Menentukan Masa Depan Organisasi Hotel
Menentukan masa depan organisasi hotel merupakan tanggung jawab strategis tertinggi General Manager (GM) Hotel yang berkaitan langsung dengan arah jangka panjang, keberlanjutan, dan relevansi organisasi di tengah dinamika industri perhotelan global. Masa depan organisasi ditentukan oleh pilihan strategis yang diambil pimpinan puncak terkait posisi pasar, model bisnis, investasi, inovasi, serta pengelolaan sumber daya. Literatur manajemen strategis menegaskan bahwa pimpinan eksekutif tertinggi berperan sebagai strategic architect yang membentuk lintasan jangka panjang organisasi melalui keputusan fundamental yang bersifat irreversible atau sulit diubah (Hitt, Ireland, & Hoskisson, 2020).
Dalam konteks hotel berbintang, GM bertanggung jawab menentukan arah masa depan hotel dengan mempertimbangkan perubahan struktural industri, seperti globalisasi pasar pariwisata, disrupsi teknologi, dan meningkatnya tuntutan keberlanjutan. Keputusan mengenai reposisi merek, diversifikasi layanan, transformasi digital, serta orientasi keberlanjutan merupakan penentu utama masa depan organisasi.
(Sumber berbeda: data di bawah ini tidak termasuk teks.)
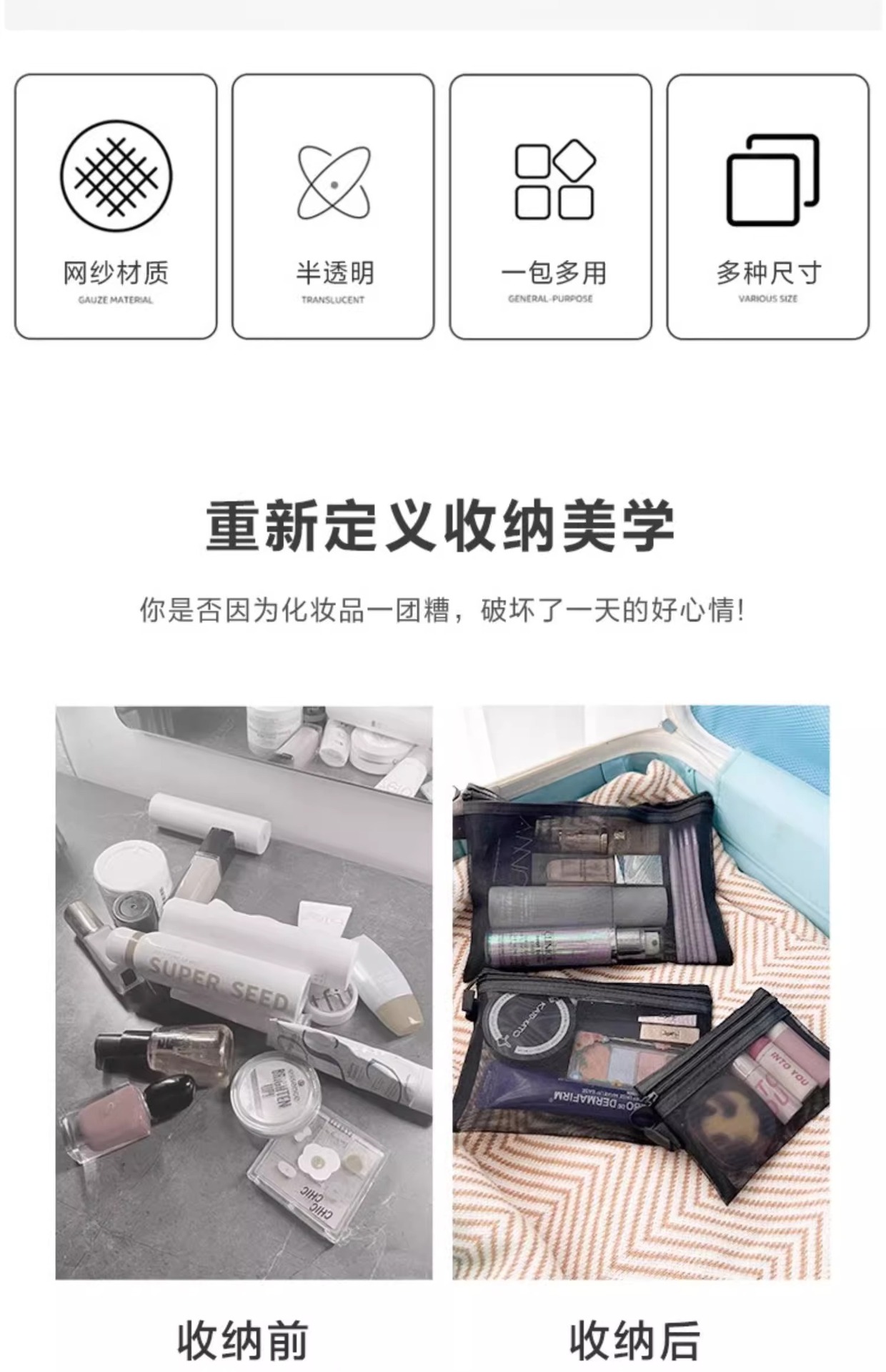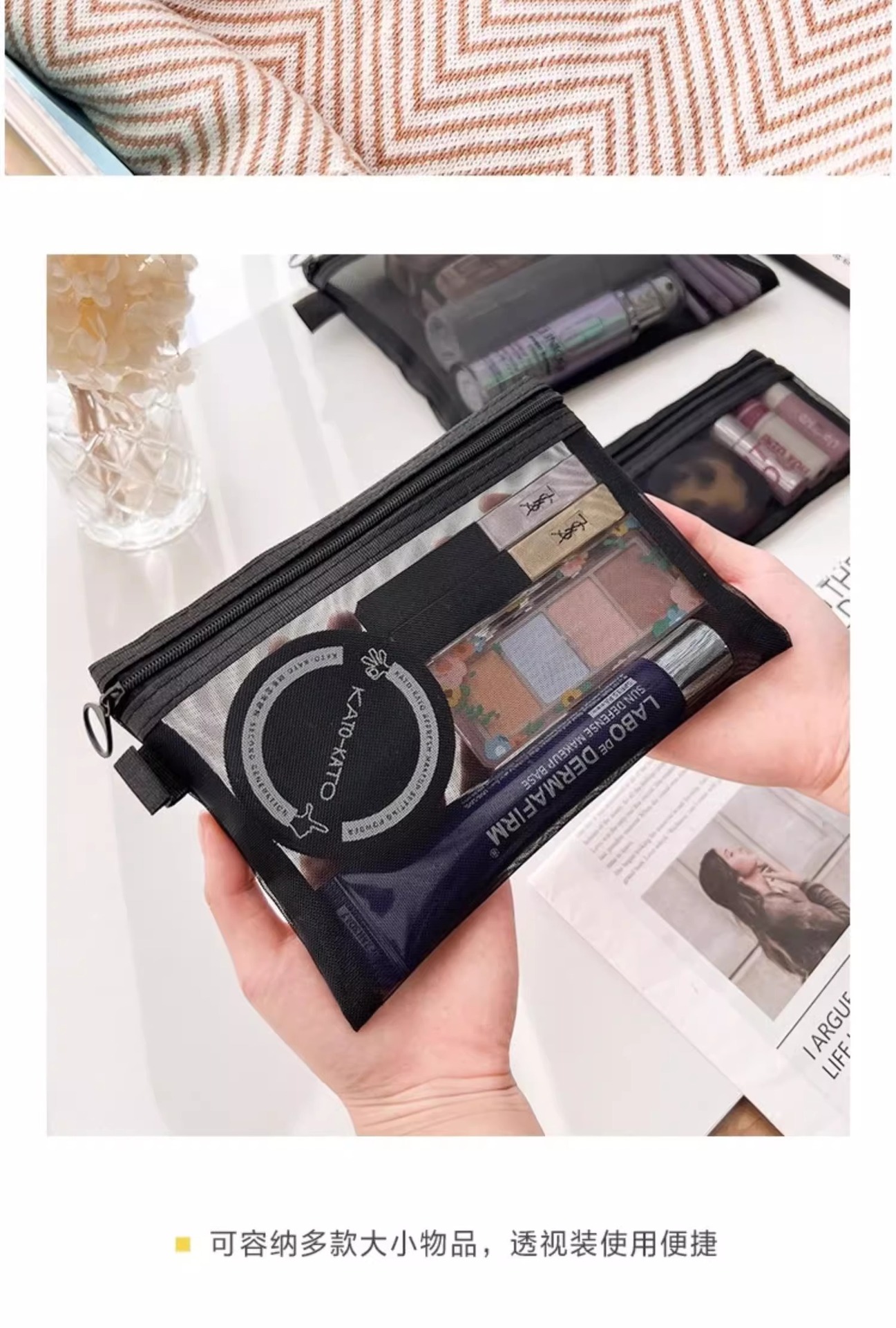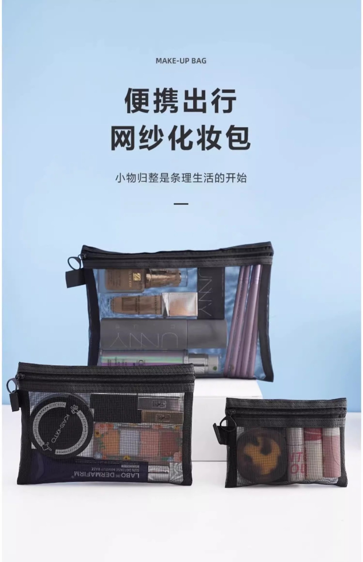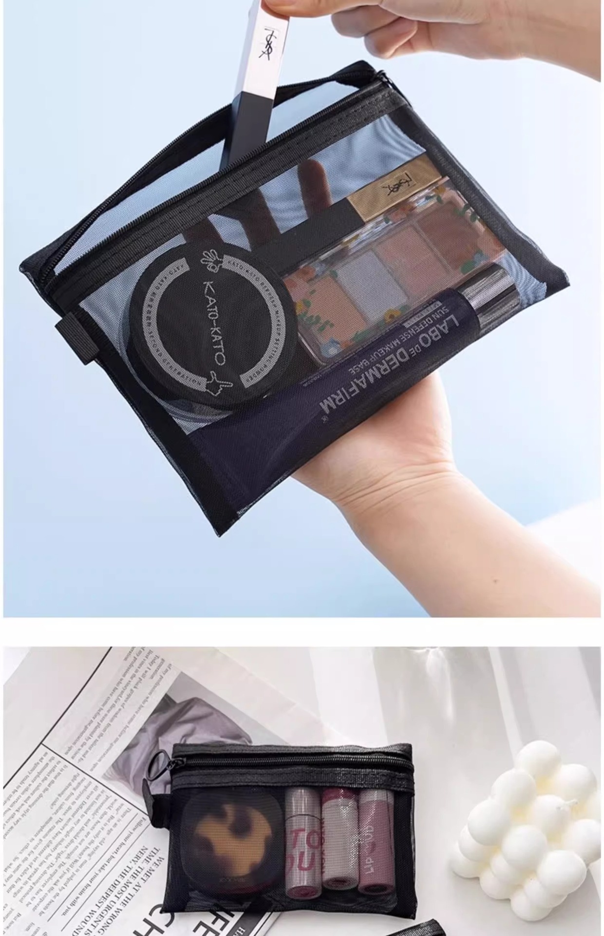 하이 얀 휴대용 화장품 가방 저장 여행 틈새 절묘한 세척 가방 일본 립스틱 투명 저장 가방 메쉬 가방

Penelitian internasional oleh Dogru, Mody, dan Suess (2019) menunjukkan bahwa hotel yang dipimpin oleh manajemen puncak dengan orientasi jangka panjang memiliki kinerja keuangan dan stabilitas yang lebih baik dibandingkan hotel yang berfokus pada hasil jangka pendek.
Menentukan masa depan organisasi juga menuntut GM untuk mengantisipasi ketidakpastian dan skenario lingkungan bisnis yang kompleks. Industri perhotelan sangat rentan terhadap krisis global, perubahan regulasi, dan pergeseran perilaku wisatawan. Riset Prayag, Muskat, dan Dassanayake (2023) menunjukkan bahwa kepemimpinan puncak yang memiliki visi masa depan dan kemampuan perencanaan skenario meningkatkan resiliensi organisasi pariwisata. Dalam hal ini, GM bertanggung jawab memastikan bahwa strategi masa depan hotel bersifat adaptif namun tetap berlandaskan tujuan jangka panjang yang jelas.
Selain aspek strategis, masa depan organisasi hotel juga ditentukan oleh keputusan GM terkait pengembangan kapabilitas internal. Investasi pada pengembangan kepemimpinan, budaya inovasi, dan sistem organisasi menjadi faktor kunci dalam menjaga daya saing jangka panjang. Studi oleh Kallmuenzer et al. (2024) menunjukkan bahwa organisasi hospitality yang dipimpin oleh manajemen puncak berorientasi masa depan lebih mampu berinovasi dan mempertahankan keunggulan kompetitif dalam lingkungan yang dinamis. Oleh karena itu, GM berperan sebagai penentu arah evolusi organisasi, bukan sekadar pengelola status quo.
Dari perspektif tata kelola global, OECD (2015; 2023) menegaskan bahwa pimpinan eksekutif tertinggi memiliki kewajiban memastikan strategi jangka panjang organisasi menciptakan nilai berkelanjutan bagi pemilik modal dan pemangku kepentingan. Dalam hotel berbintang, kegagalan menentukan arah masa depan yang jelas dapat mengakibatkan stagnasi, penurunan nilai aset, dan melemahnya posisi pasar. Dengan demikian, menentukan masa depan organisasi hotel merupakan fungsi kepemimpinan GM yang paling strategis, karena keputusan hari ini akan membentuk identitas, daya saing, dan keberlanjutan hotel dalam jangka panjang di tingkat nasional maupun global.